If you hate daylight saving time and all the confusion and sleep deprivation it brings, you now have solid data on your side.
A wave of new research is bolstering arguments against changing our clocks twice a year.
The case for daylight saving time has been shaky for a while. The biannual time change was originally implemented to save energy. Yet dozens of studies around the world have found that changing the clocks has either minuscule or non-existent effects on energy use. After Indiana finally implemented daylight saving, something that didn’t happen until 2006, residents actually used more electricity.
Daylight saving time isn’t just a benign relic of the 1970s energy crisis. The latest research suggests the time change can be harmful to our health and cost us money. The effects are most disruptive in the spring and fall, right after the time changes occur. Clocks in the U.S. will spring forward this year on Sunday, March 12, and most of Europe moves to daylight saving time two weeks later. (Remember, set your clocks ahead one hour before bed on Saturday.)
The suffering of the spring time change begins with the loss of an hour of sleep. That might not seem like a big deal, but researchers have found it can be dangerous to mess with sleep schedules. Car accidents, strokes, and heart attacks spike in the days after the March time change. It turns out that judges, sleep deprived by daylight saving, impose harsher sentences.
“Even mild changes to sleep patterns can affect human capital in significant ways,” two Cornell University researchers, Lawrence Jin and Nicolas Ziebarth, wrote last year.
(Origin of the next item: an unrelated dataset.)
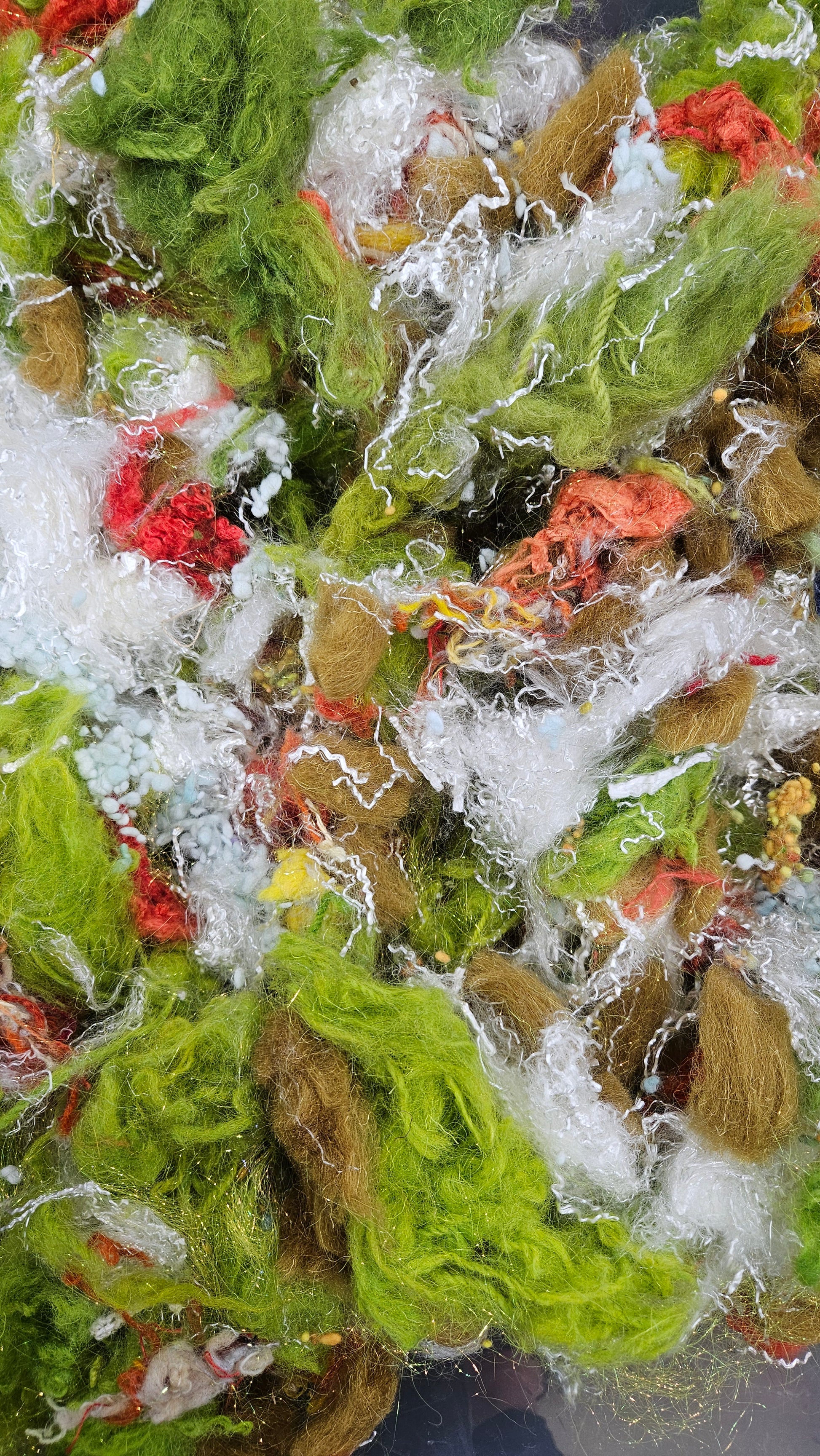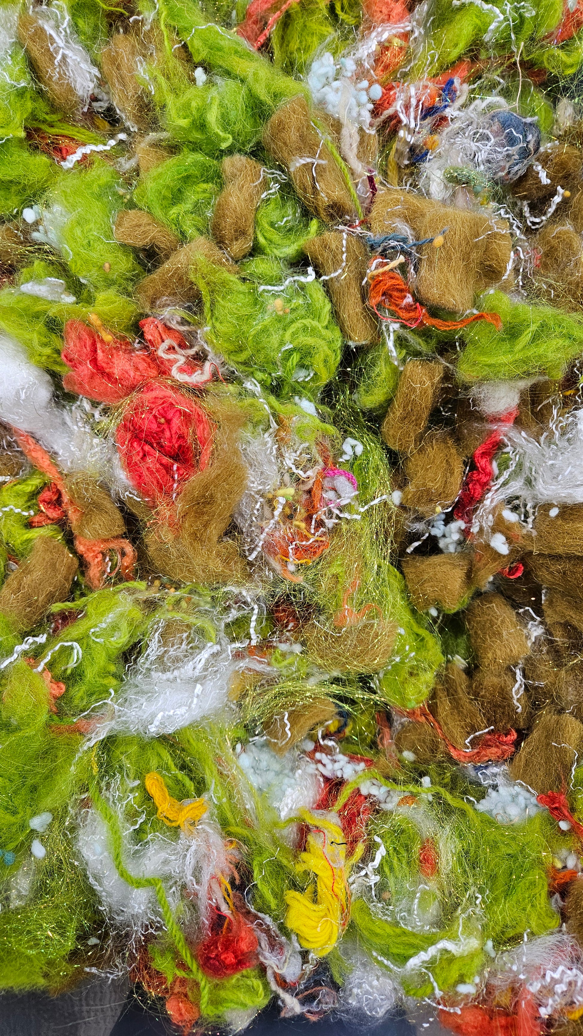 An extra chunky blend of cardable fibers for creating art batts, rolags, or other blends to spin into yarn for knitting, weaving, and crochet. One pinch goes a long way!

Some of the last defenders of daylight saving time have been a cluster of business groups who assume the change helps stimulate consumer spending. That’s not true either, according to recent analysis of 380 million bank and credit-card transactions by the JPMorgan Chase Institute.
The study compared Los Angeles with Phoenix in the 30 days after the March and November time changes. Arizona is a natural test case since it’s one of the two states, along with Hawaii, that doesn’t do daylight saving. In the spring, according to the consumer transaction data, the additional hour of evening daylight in Los Angeles managed to slightly boost card spending per person, compared with that in Phoenix, although by less than 1 percent. That spending uptick is swamped by the negative impact of the November time change, which sees the darkened population of Los Angeles spend 3.5 percent less at local retailers.
After the autumn time change, shoppers made far fewer trips to the store, especially during the week. Grocery stores, discount stores, and other retailers bore the brunt, while restaurants and service businesses were mostly unaffected.
In other words, daylight turns out to be a surprisingly large factor in how often workers stop at stores on their way home from their jobs in the evening. “At the end of the day, it’s either dark or light, and [people are] going to make an impulse decision at that point,” Diana Farrell, president and chief executive of the JPMorgan Chase Institute.
One possible explanation for the sharp spending decline, Farrell said, is that the extra hour of darkness could push more people to shop online rather than in-person. The study looked only at transactions via local retailers.
Daylight saving time may threaten our health, hurt local retailers, and otherwise disrupt our lives. But can anything be done about it?
As Hawaii and Arizona show, the U.S. government gives states a choice as to whether to adopt daylight saving time. But states aren’t currently allowed to switch to daylight saving time year-round. Last year, 19 bills were pending in state legislatures around the U.S. to end the biannual time change, according to the National Conference of State Legislatures. None passed.
Daylight saving is “an example of how sticky policy can be,” Farrell said.
Since the beginning of the year, state legislators have introduced an additional 20 bills on the topic, according to the NCSL. Eleven bills, including proposals in Texas and California, would put states permanently on standard time; nine of the bills aim to make daylight saving time permanent, many of them by urging lawmakers in Washington to change the rules.
That looks unlikely. In a search of bills pending in the Congress this year and last year, none mention daylight saving.